Family man, sans en être un véritable remake, s’inspire donc largement du conte de Noël de Capra. Les deux films reposent sur le même principe : le fameux « et si ». Et si j’avais épousé la brune au lieu de la blonde, et si j’avais pris l’avion à la place du train, etc., que se serait-il passé ? Autant d’hypothèses invérifiables, à moins qu’intervienne un ange gardien pour vous montrer quelle aurait pu être votre existence si vous aviez fait d’autres choix. Jack Campbell (Nicolas Cage), lui, a préféré partir pour Londres où l’attendait une prestigieuse carrière de courtier en Bourse plutôt que de rester avec son amie Kate. Treize ans plus tard, il est devenu l’un des rois de Wall Street. Que se serait-il passé s’il était resté aux Etats-Unis et qu’aux courbes du Dow Jones il avait préféré celles de sa fiancée ? Une touche de fantastique et Jack se réveille dans un pavillon du New Jersey avec tous ses accessoires : une femme (la fameuse Kate), deux enfants, un chien et un boulot de vendeur chez « Big Ed » le roi du pneu.

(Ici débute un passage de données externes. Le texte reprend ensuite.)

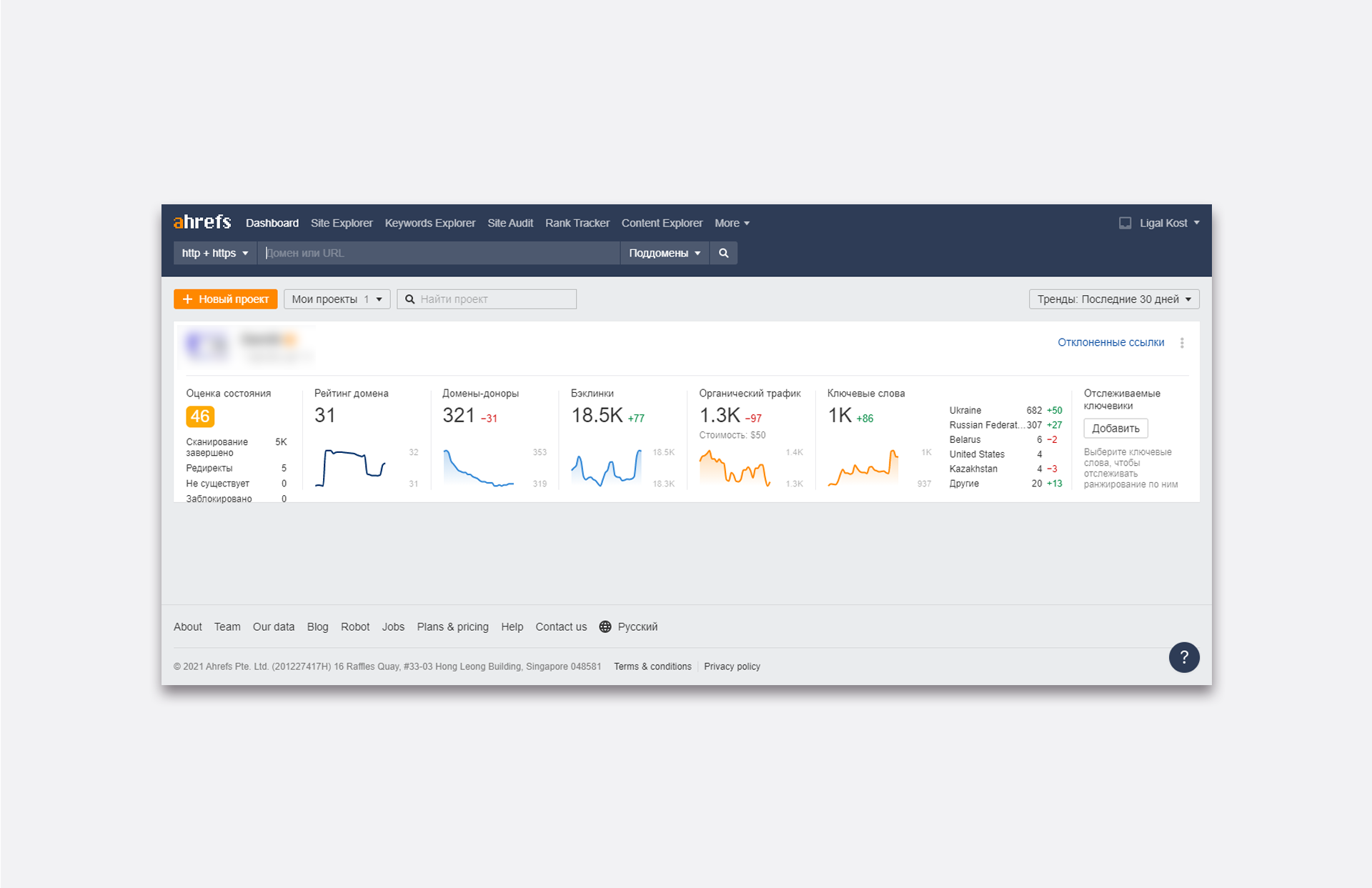 Ahrefs — зручний сервіс для seo-фахівців, з великим набором усіх необхідних інструментів для оптимізації сайту і його просування. Він допоможе знайти проблеми сайту, зібрати оптимальні ключі та місця для посилань. Ахрефс збере дані за вашими конкурентами і підкаже, як створювати контент і де його розміщувати, щоби поліпшити свої позиції. Крім потужної технічної частини та комфортного для користувача інтерфейсу, з підпискою на Ahrefs ви отримаєте підтримку унікального співтовариства і творців софта, які допоможуть досягти поставлених цілей.
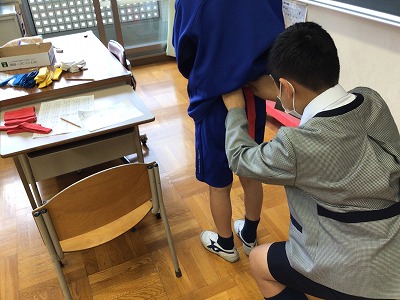 今日は、代表委員会に出席しない留守番隊メンバーで、班の人数が均等でない点を公平にできる方法を考えて、試しの練習をしました。しっぽに使う“はちまき”の数を同じにして対戦すれば、当日の人数も合わせられるという意見が出ました。
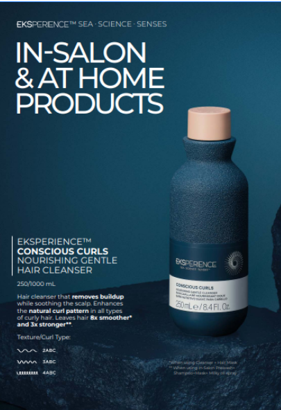 Zum ersten Mal bietet Eksperience™ Conscious Curls individuelle Kopfhaut- und Haarstruktur-Rituale im Salon an, die die natürliche Schönheit von Locken unterstreichen. Unsere exklusive Marine Curly Method™ verbindet Meereswissenschaft mit Nachhaltigkeit und liefert leistungsstarke, saubere und vegane Formeln, die auf die einzigartigen Bedürfnisse von lockigem Haar zugeschnitten sind. Diese wissenschaftlich fundierte Haarpflegeserie pflegt und revitalisiert Locken und fördert gleichzeitig eine gesunde Kopfhaut.

Evidemment, le golden boy -une sorte de version yuppie du Scrooge d’Un chant de Noël de Charles Dickens- a du mal à s’adapter. Comment ne pas regretter les draps de soie de son appartement new-yorkais lorsqu’il s’agit de nettoyer les fesses tartinées de caca de son bébé ? Mais comme tout conte qui se respecte, Family man possède une morale : il vaut mieux faire partie d’une famille unie plutôt qu’être propriétaire d’une Ferrari rutilante… Ok, le bonheur ne s’achète pas avec des billets verts, mais était-il nécessaire de transformer la fable altruiste de Capra en hymne au bonheur pavillonnaire ? Avec un titre pareil il fallait s’y attendre, Family man ne pouvait être qu’une ode pesante aux joies simples de la famille. Une célébration des valeurs traditionnelles (à la limite du réactionnaire ; lorsque l’adultère est évoqué, c’est pour tout de suite être rejeté de manière véhémente) qui tombe à point nommé durant les fêtes de fin d’année. Tant qu’à faire, si l’on veut absolument retrouver l’esprit de Noël, préférez, de loin, l’intégrale du coffret Angélique, marquise des Anges.